Berdasarkan kenyataan tersebut, seperti yang dikatakan oleh Prof Hasjim Djalal, Deklarasi Juanda pada hakekatnya merupakan salah satu pilar utama bangunan Negara Kesatuan Republik Indonesia (NKRI). Pilar pertama adalah kesatuan Kejiwaan yang dideklarasikan dalam Sumpah Pemuda 28 Oktober 1928 dengan pernyataan tekad satu nusa, bangsa dan bahasa yaitu Indonesia. Pilar kedua adalah kesatuan kenegaraan yang diproklamasikan tanggal 17 Agustus 1945 dengan pernyataan kemerdekaan Republik Indonesia. Sedangkan pilar ketiga adalah kesatuan wilayah darat-laut-udara yang dinyatakan dalam Deklarasi Juanda 13 Desember 1957.

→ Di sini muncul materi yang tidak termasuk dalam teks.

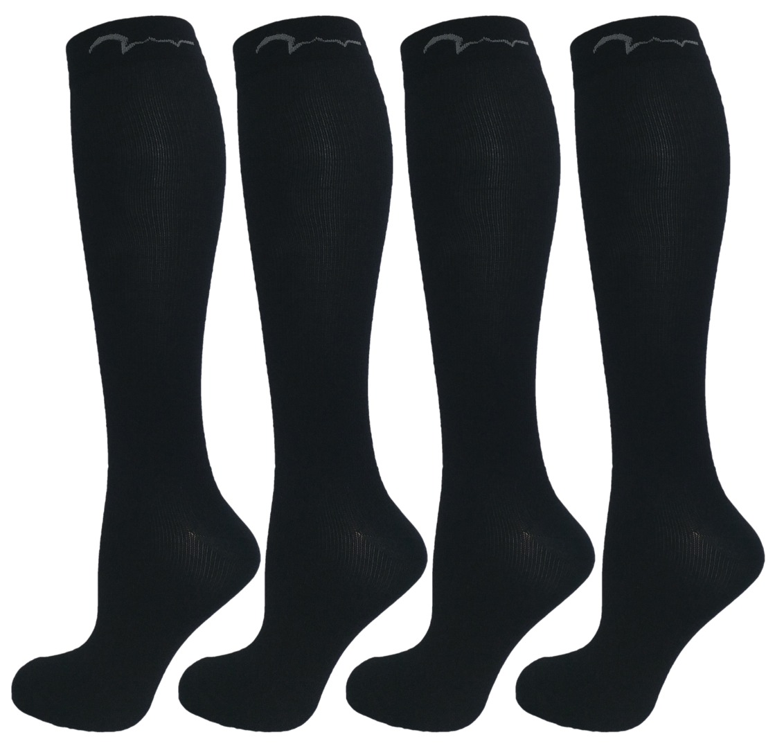 Swell Relief Soft Wear 4 Pack Graduated Compression Socks for boys and girls. Enhanced performance design for support and comfort. Fits children ages 5-9 years old, Kid's shoe sizes 4-10. Colors All Black. Qty. 4 Pair.

Sayangnya, keberhasilan Indonesia dalam memperjuangkan Deklarasi Juanda ke forum internasional belum diikuti dengan langkah-langkah konstruktif membangun dunia kelautan. Deklarasi Juanda tidak lebih dari pernyataan geopolitik dan geo-ekonomi Indonesia. Di antaranya adalah, pertama, Indonesia belum serius membangun kemampuan pertahanan dan keamanan laut untuk menjaga segala kepentingan nasional di laut yang sebenarnya menjadi kepentingan vital bagi sebuah negara kepulauan.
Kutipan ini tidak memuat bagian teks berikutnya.